Our collective conscience is being regularly jolted by high profile data losses and compliance incidents. I cannot but help comparing them to the high profile crises that occur from time to time in the Oil and Gas Industry. Whilst the environmental impact of a large oil spill has a planetary effect, and I am not for a moment saying a large data loss incident is in the same league as say the Gulf of Mexico spill for BP, I cannot help but get the sense that some of the underlying issues that lead to these events are similar in origin.
In my opinion the root cause of these continuing problems in compliance management is a fundamental lack of understanding on the part of Board and Executive teams of the nature of the shift, we have all witnessed, from the physical to the electronic world.
There are always exceptions, but this lack of understanding leads to a state of denial, where financial service organisations view compliance much like road traffic penalty points to be avoided, rather than an inherent part of their ‘Business as Usual’ regime.
The Exxon Valdez oil spill in Prince Sound, Alaska on March 24th 1989 was a tipping point for the Oil and Gas Industry. The disastrous effect on the reputation of that company and the impact of that event on its business activities not only started a sea change in the thinking of the Board and Executive teams but it is widely recognised as the start of the whole safety and zero harm cultures within the Oil and Gas Industry. Indeed, I experienced this first hand recently when coming down the stairs in the office building of an oil company – a stranger approached and asked me if I would hold onto the handrails whilst walking down the stairs. Overzealous in its execution maybe, but that’s the extent to which that industry has made the cultural shift necessary to change the behaviour of their people.

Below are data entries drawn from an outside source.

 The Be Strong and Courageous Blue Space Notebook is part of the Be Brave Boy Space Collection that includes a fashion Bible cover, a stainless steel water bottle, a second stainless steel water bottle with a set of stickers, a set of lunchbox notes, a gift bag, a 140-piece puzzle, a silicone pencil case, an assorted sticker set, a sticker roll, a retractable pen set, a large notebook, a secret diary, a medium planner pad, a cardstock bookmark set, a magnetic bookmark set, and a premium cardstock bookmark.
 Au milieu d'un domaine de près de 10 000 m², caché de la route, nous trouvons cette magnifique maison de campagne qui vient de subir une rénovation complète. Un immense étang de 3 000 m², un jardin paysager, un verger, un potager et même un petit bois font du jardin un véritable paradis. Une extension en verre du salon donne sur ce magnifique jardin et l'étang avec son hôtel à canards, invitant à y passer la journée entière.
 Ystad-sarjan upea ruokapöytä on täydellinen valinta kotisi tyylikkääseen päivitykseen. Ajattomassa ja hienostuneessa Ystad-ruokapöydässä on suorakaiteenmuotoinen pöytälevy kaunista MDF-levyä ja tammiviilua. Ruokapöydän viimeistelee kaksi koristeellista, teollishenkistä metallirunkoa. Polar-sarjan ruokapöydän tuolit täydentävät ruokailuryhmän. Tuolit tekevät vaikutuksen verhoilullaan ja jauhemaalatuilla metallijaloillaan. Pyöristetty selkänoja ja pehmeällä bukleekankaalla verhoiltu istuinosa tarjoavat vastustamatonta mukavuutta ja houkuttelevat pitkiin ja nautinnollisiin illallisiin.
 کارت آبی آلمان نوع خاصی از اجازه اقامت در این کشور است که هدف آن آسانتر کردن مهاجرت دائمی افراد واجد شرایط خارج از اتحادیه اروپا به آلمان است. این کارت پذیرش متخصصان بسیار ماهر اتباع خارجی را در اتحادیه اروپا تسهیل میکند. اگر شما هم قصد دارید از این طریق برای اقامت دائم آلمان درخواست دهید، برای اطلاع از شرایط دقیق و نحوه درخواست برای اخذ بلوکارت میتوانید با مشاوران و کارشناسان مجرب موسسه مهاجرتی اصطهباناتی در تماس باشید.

It’s not all doom and gloom – I am very encouraged by the tie up between the British Bankers Association (BBA) and the City of London Police. They have just announced plans to work closely together to stop cyber criminals stealing from customers by setting up a “virtual ring of steal” around London’s financial heart. This is exactly the type of joined-up thinking that is required in this new digital world.
Finally, as someone who works with organisations to help defend against compliance and security incidents, I can only feel a level of sympathy for the IT Security, Information Governance and Compliance folks at Barclays. It’s hard enough “walking the wall” every day, but an incident of this size always turns a crisis into a drama and makes the day job even harder.